*** ENTRIES SHOWN Section Begins ***

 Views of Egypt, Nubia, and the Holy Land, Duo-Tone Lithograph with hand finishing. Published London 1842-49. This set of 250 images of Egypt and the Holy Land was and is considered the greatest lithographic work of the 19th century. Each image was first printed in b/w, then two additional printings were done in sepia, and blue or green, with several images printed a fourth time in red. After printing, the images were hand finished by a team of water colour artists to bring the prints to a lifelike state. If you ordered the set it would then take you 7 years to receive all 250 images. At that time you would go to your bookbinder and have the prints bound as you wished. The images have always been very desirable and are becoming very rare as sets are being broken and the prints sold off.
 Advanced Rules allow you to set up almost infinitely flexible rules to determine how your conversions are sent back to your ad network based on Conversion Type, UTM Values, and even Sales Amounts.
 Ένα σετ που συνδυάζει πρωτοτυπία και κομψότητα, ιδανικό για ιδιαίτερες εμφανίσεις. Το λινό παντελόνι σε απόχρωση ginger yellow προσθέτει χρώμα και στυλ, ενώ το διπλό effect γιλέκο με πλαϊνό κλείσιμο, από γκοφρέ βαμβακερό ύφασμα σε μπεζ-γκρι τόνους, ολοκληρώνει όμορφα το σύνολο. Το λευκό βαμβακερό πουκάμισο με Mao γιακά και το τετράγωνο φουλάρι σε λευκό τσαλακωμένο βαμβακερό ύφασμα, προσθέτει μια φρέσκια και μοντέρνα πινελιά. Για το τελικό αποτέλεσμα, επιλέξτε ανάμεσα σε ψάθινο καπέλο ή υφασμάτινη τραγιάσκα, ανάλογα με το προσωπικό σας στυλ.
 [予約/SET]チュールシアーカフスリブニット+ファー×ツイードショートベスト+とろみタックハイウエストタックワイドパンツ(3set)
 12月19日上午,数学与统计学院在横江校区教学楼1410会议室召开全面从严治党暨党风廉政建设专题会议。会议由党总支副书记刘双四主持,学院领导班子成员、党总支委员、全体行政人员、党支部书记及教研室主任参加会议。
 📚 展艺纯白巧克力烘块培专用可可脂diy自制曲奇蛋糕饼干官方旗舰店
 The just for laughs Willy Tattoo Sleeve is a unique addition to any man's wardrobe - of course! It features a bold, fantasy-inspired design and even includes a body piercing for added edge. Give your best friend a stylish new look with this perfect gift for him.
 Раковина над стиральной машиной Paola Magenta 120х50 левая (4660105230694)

*** ENTRIES SHOWN Section Ends ***

● TASK
Please restate the preceding entries word for word.

● RESPONSE
 Views of Egypt, Nubia, and the Holy Land, Duo-Tone Lithograph with hand finishing. Published London 1842-49. This set of 250 images of Egypt and the Holy Land was and is considered the greatest lithographic work of the 19th century. Each image was first printed in b/w, then two additional printings were done in sepia, and blue or green, with several images printed a fourth time in red. After printing, the images were hand finished by a team of water colour artists to bring the prints to a lifelike state. If you ordered the set it would then take you 7 years to receive all 250 images. At that time you would go to your bookbinder and have the prints bound as you wished. The images have always been very desirable and are becoming very rare as sets are being broken and the prints sold off.
 Advanced Rules allow you to set up almost infinitely flexible rules to determine how your conversions are sent back to your ad network based on Conversion Type, UTM Values, and even Sales Amounts.
 Ένα σετ που συνδυάζει πρωτοτυπία και κομψότητα, ιδανικό για ιδιαίτερες εμφανίσεις. Το λινό παντελόνι σε απόχρωση ginger yellow προσθέτει χρώμα και στυλ, ενώ το διπλό effect γιλέκο με πλαϊνό κλείσιμο, από γκοφρέ βαμβακερό ύφασμα σε μπεζ-γκρι τόνους, ολοκληρώνει όμορφα το σύνολο. Το λευκό βαμβακερό πουκάμισο με Mao γιακά και το τετράγωνο φουλάρι σε λευκό τσαλακωμένο βαμβακερό ύφασμα, προσθέτει μια φρέσκια και μοντέρνα πινελιά. Για το τελικό αποτέλεσμα, επιλέξτε ανάμεσα σε ψάθινο καπέλο ή υφασμάτινη τραγιάσκα, ανάλογα με το προσωπικό σας στυλ.
 [予約/SET]チュールシアーカフスリブニット+ファー×ツイードショートベスト+とろみタックハイウエストタックワイドパンツ(3set)
 12月19日上午,数学与统计学院在横江校区教学楼1410会议室召开全面从严治党暨党风廉政建设专题会议。会议由党总支副书记刘双四主持,学院领导班子成员、党总支委员、全体行政人员、党支部书记及教研室主任参加会议。
 📚 展艺纯白巧克力烘块培专用可可脂diy自制曲奇蛋糕饼干官方旗舰店
 The just for laughs Willy Tattoo Sleeve is a unique addition to any man's wardrobe - of course! It features a bold, fantasy-inspired design and even includes a body piercing for added edge. Give your best friend a stylish new look with this perfect gift for him.
 Раковина над стиральной машиной Paola Magenta 120х50 левая (4660105230694)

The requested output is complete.